Weekly column from Italy: Religious freedom in Italy’s public school
I am a mom now, with a daughter attending the Italian public school. And now I realise that some things have never changed since I attended myself.
When I was a kindergartener and elementary school child, I spent many, many hours during the religious education in the school hallways together with a few teachers who would take the opportunity to drink coffee and relax. All this happened in IRC hours, when the Catholic Religion was taught to students. In middle and high school, I always stayed in class because there was no curriculum for me, and I was old enough to decide to study other things. Today, my daughter attends public kindergarten. As the law provides, we decided to not to have her join the “teaching of IRC”. At the same time, it is very difficult to understand what the school really offers as an alternative during the hours when Catholic Religion is taught in the classroom.
We are not the only family that is confronted with this problem. In fact, there are many complaints like these that come to the Italian Evangelical Alliance's Religious Liberty Commission. But it is not easy to succeed in changing such a long tradition.
“The Catholic religious hour” exists because in 1929, the Fascist regime signed a Concordat with the Vatican. Among other things, it provided for the introduction of compulsory Catholic religious instruction from kindergarten through high school. In 1984, the Concordat was revised and since then it has stated, "The Italian Republic, recognising the value of religious culture and taking into account that the principles of Catholicism are part of the historical heritage of the Italian people, will continue to ensure, within the framework of the purposes of the school, the teaching of the Catholic religion in non-university public schools of all levels."
Since then, one and a half hours of teaching have been provided in kindergarten, two hours per week in elementary school, and one hour in middle and high school.
The law says IRC "shall be taught in conformity with the doctrine of the Church." This means that by law, the hour is used to teach specifically the Roman Catholic doctrine. Moreover, teachers of these classes take a completely different path than others. In fact, they are not hired by the schools through a public competition like others, but are chosen by the Curia at its sole discretion.
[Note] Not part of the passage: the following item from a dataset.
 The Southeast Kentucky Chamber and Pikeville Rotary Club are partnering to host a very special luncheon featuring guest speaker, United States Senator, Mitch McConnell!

So, the state pays salaries to people over whom it has no control whatsoever, and who use the space granted for biased teaching, often contrary to the secular principles of the state itself. Moreover, only the Curia can choose to suspend a teacher for reasons of moral conduct, and the state has no power.
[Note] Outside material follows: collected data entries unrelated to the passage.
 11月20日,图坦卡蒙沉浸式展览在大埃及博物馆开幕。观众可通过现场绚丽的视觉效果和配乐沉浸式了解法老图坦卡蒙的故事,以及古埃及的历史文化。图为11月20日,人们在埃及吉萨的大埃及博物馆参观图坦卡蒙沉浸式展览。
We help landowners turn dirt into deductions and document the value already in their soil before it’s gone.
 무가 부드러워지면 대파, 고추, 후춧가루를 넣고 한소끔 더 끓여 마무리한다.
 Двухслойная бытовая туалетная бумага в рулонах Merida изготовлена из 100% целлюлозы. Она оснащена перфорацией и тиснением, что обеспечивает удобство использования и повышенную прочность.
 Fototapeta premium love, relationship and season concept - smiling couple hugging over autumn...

The law is very clear in saying that the Catholic religion hour is optional for students. There are three options to skip the religious classes:
Attend educational and training activities (so-called "alternative hour").
Dedicating the hour to the study of other subjects. Here, too, resistance may arise, but the school is obliged to ensure a teacher and a classroom suitable for the purpose.
Staying at home during the IRC hours.
For each of these possibilities, families actually find many problems. Often the "alternative hour" does not have a defined and clear program. Sometimes it is not really followed.
For the study of other subjects, there is often a lack of available support teachers, or empty classrooms to go to. Children often stay in the classroom while the religion teacher does his or her lesson. Formally, they may not attend class, not have their books, or do their homework, but they witness teaching that their parents did not want them to attend.
For out-of-school time, the religion class should take place as the first or last hour to benefit families. However, this is often not the case. And it is hard for families to pick their children up from school during school hours and drop them off again, especially when parents work.
In short, freedom of choice exists in theory. But in practice, it is very difficult to achieve.
Half of the students in my daughter's class are Muslim. At our first meeting with the teachers, we tried to figure out how religious classes worked. However, the answers were very vague. One of the responses that schools now always give: "In any case it will not be denominational teaching. We talk about religions in general."
This sounds like an inclusive answer, but in practice, it infringes on the freedom of those who believe that it is the family that should provide the teaching of religion, whatever it may be, and that the public school cannot enter such a sensitive area of children's and families' lives.
I hope to see my daughter follow a viable alternative program when she is older instead of wasting time in the hallways watching teachers sipping coffee as I did for so many years.
Chiara Lamberti (1992) was born and raised in Naples, Italy. She studied Communication Sciences and has a master's degree in Information, Publishing and Journalism. She also has a degree in theology. She writes for the Italian Evangelical Alliance and contributes to the Protestant magazine Loci Communes. With her husband, daughter and son, she lives in Rome.